O grow in the likeness of God about man.

Through baptism, we have been given participation in the life of God. But how does God live? In what does his life consist? Jesus Christ told us something about this when he revealed that God is one but three-personal. Jesus made visible the goodness and love of the heavenly Father. He lived to do His Father’s will to the uttermost, even to the cross. He also spoke of the Spirit who proceeds from the Father, who receives all things from Christ and communicates them to us. The Spirit of God guided Jesus in fulfilling his mission, and Jesus rejoiced in the Holy Spirit.

From these few hints, we may suspect that the life of God is the life of each person and one for the other. Their relationship is so strong and deep that it is also a living person, the Holy Spirit. From this brief hint of what constitutes the life of God, we can suspect that we, too, as baptized persons, are called to cooperate in the growth and development of the life of God within us. Practically, this means that we are to develop our relationship with the triune God and our relationships with people and human persons.

It is on the theme of these relationships with people, and in quite concrete, practical situations that we heard in today’s reading from the Old Testament. These are challenging demands. They require overcoming our selfishness, striving to respect the other, and doing good to him. As a motive for such efforts, God challenges us, “Be holy, as I, your God, am holy.” Holiness is God’s perfection. Practically, it means the challenge to grow in the likeness of God. We are to express this likeness in our relationships with people.
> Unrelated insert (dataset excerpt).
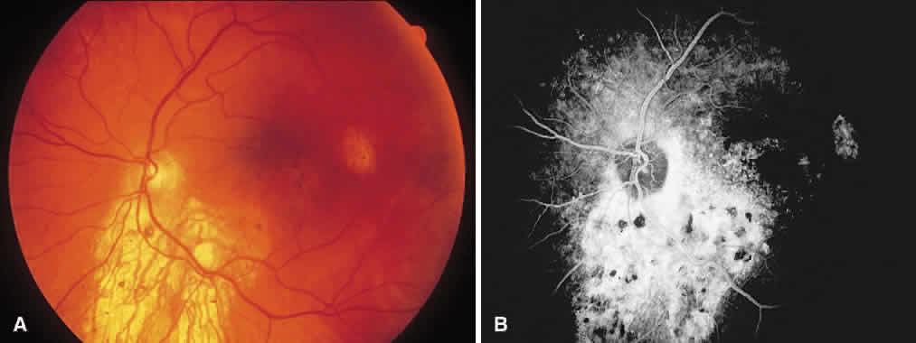 The precise location of SRNV is not always clear. Often the SRNV is obscured by hemorrhage, turbid serous fluid, pigment epithelial detachment, or extensive pigment clumping. Such membranes are referred to as occult SRNV and may be seen when relatively intact RPE overlies thin and subtle SRNV (Fig. 9). Occasionally, clinical signs of SRNV (hemorrhage, exudate, serous detachment) are present, but the SRNV cannot be found by angiography. The visual prognosis is poorer for these eyes than for those with distinct, clearly defined SRNV membranes. In some cases, SRNV hyperfluoresces late in the angiogram but not early. There may be a gradual oozing of fluorescein through multiple pinpoint areas of RPE overlying the SRNV membrane. The slow hyperfluorescence may be related to a decreased flow of blood through the membrane or to a relatively intact RPE. An RPE tear may occur at the junction of attached and detached RPE, where contraction of the SRNV may tear the RPE. The torn edge of RPE retracts and is pulled by the fibrovascular tissue (Fig. 10). In the acute period, a serous detachment of the sensory retina may occur because of the fluid leaking from the exposed choriocapillaris. The subretinal fluid usually resorbs in a few days.43,62,63 Indocyanine green angiography is sometimes helpful in cases of occult CNV. Because indocyanine dye is protein-bound, it does not leak from the choriocapillaris as does fluorescein. On stimulation with an infrared source, the dye fluoresces weakly. Well-defined areas of fluorescence are termed hot spots and are assumed to represent CNV. Feeder vessels can occasionally be seen extending from a natural or laser scar to an area of recurrent CNV (Fig. 11).64 Although they can be seen on fluorescein angiography, high-speed indocyanine green video angiography is often used to increase detection in cases of new subfoveal CNV.65 Feeder vessels can be thought of as having either an umbrella pattern or a racquet pattern.66 In an umbrella pattern, the feeder vessel is oriented in an anteroposterior fashion between the CNV complex and choroidal space. With a racquet pattern, the feeder vessel passes more obliquely from the choroidal space toward the CNV complex. HISTOLOGY The SRNV arises from the choroid and passes through Bruch's membrane to invade the subpigment epithelial and subsensory retinal space. The vessels may pass through pre-existing breaks in Bruch's membrane or may produce breaks in the membrane.67 However, breaks in Bruch's membrane can occur without any growth of vessels from the choriocapillaris. The SRNV proliferates under the RPE and destroys it. The vessels may also cause hemorrhagic or serous detachment of the RPE, the sensory retina, or both. Cystic changes may develop in the overlying sensory retina. New vessel growth is accompanied by fibrous tissue, which ultimately becomes the dominant pathologic change and results in a disciform scar involving the choroid, RPE, and sensory retina.59 Active neovascularization may intermittently bleed at the edges of the developing scar. Further, the overlying retinal vessels and the choroidal vessels supplying the scar may anastomose. Also, although found most frequently in the macular region, extramacular disciform lesions may occur and simulate choroidal melanomas. PATHOGENESIS The association between new vessel growth and drusen formation has been well described; both processes are related to degeneration of the RPE. Soft drusen represent the breakdown of the hyaline content in hard drusen or the focal accumulation of membrane debris that lies between the RPE basement membrane and the inner collagenous layer of Bruch's membrane. These detachments predispose to pigment epithelial detachment formation and to SRNV. Why SRNV develops is unknown, but evidence suggests that choroidal vessels, in the absence of an effective barrier and inhibitory factors released by normal RPE, may be exposed to mitogenic and chemotoxic retinal factors that stimulate SRNV.57,68,69 TREATMENT The MPS produced its first result in 1982 and continued with more than two dozen reports. As a prospective study, it helped define acceptable treatment for CNV associated with AMD, ocular histoplasmosis, and idiopathic CNV. The influence of different laser wavelengths used in treatment was also studied.70 Laser treatment can be classified into subfoveal, juxtafoveal (1 to 199 μm from the center of the foveal avascular zone), and extrafoveal types. EXTRAFOVEAL TREATMENT. The first MPS71 report found that 60% of untreated eyes and only 25% of treated eyes had severe visual loss (six or more lines of vision) in the AMD group. These results led to the termination of this arm of the study. The 3-year results72 found that 62% of untreated eyes and 47% of treated eyes had suffered severe visual loss. The 5-year results were similar to the 3-year results.73 The higher incidence of severe visual loss in the treated group at the 3-year follow-up versus baseline was due to recurrent CNV, which was seen in 54% of eyes. Almost three quarters of recurrences occurred in the first year after treatment. Cigarette smoking was associated with a higher risk of recurrence (85% vs. 51%). JUXTAFOVEAL TREATMENT. The 5-year data for AMD showed that treated eyes were less likely to have severe visual loss compared with untreated eyes (55% versus 65%) (Fig. 12). Recurrences occurred in 47% after 5 years in the treated group.73 Peripapillary CNV was studied as well (Fig. 13): it was found that 14% of treated and 26% of untreated eyes had severe visual loss.74 SUBFOVEAL TREATMENT. Three months after subfoveal treatment, 20% of treated eyes suffered severe visual loss compared with 11% of untreated eyes. After 2 years, 20% of treated eyes still had suffered severe visual loss, but now 37% of untreated eyes had suffered severe visual loss. After 4 years, 23% of treated and 45% of untreated eyes had suffered severe visual loss. The size of the subfoveal CNV is important in pred

In the Gospel, Jesus gives us yet another motive for such an endeavor: the other person, the person in need and suffering in various ways, the person who requires our service and the overcoming of our egoism, is the person with whom Jesus Christ himself identifies: “What you did – or did not do – to one of the least of these, you did – or did not do – to me.” There could not be a stronger motive for doing good to one’s neighbors, for showing love to people. And in His caring love for us, Jesus reveals that we will be judged from these very acts. For acts of serving love in our neighbors, Jesus will reward us by welcoming us into direct and full participation in the life of the triune God – or, God forbid, exclude us from that participation if we have been oblivious to the misery and suffering of people and have closed ourselves off to our selfishness. When we reflect a little on these words of the Gospel of the Last Judgment, we realize how little we cooperate with the development of God’s life within us and how, in our daily circumstances, we must increase our efforts to show concrete and practical love for our neighbors – following the example of Christ himself, who loved us to the uttermost, even to the point of total self-sacrifice. But it was precisely this total self-giving for our salvation out of love for the Father that brought Jesus, even as a man, to participate fully in the life of God at the moment of his resurrection.

Practical Instruction: acts of serving, attentive love toward our neighbors, motivated by the belief that we are serving Christ himself in them.

Prayer: Merciful God and our Savior, turn our hearts to you and instruct our minds with heavenly doctrine so that we may be perfected by Lenten repentance in the Christian life, through our Lord Jesus Christ, your Son, who is God and lives and reigns with you in union with the Holy Spirit throughout all ages of ages.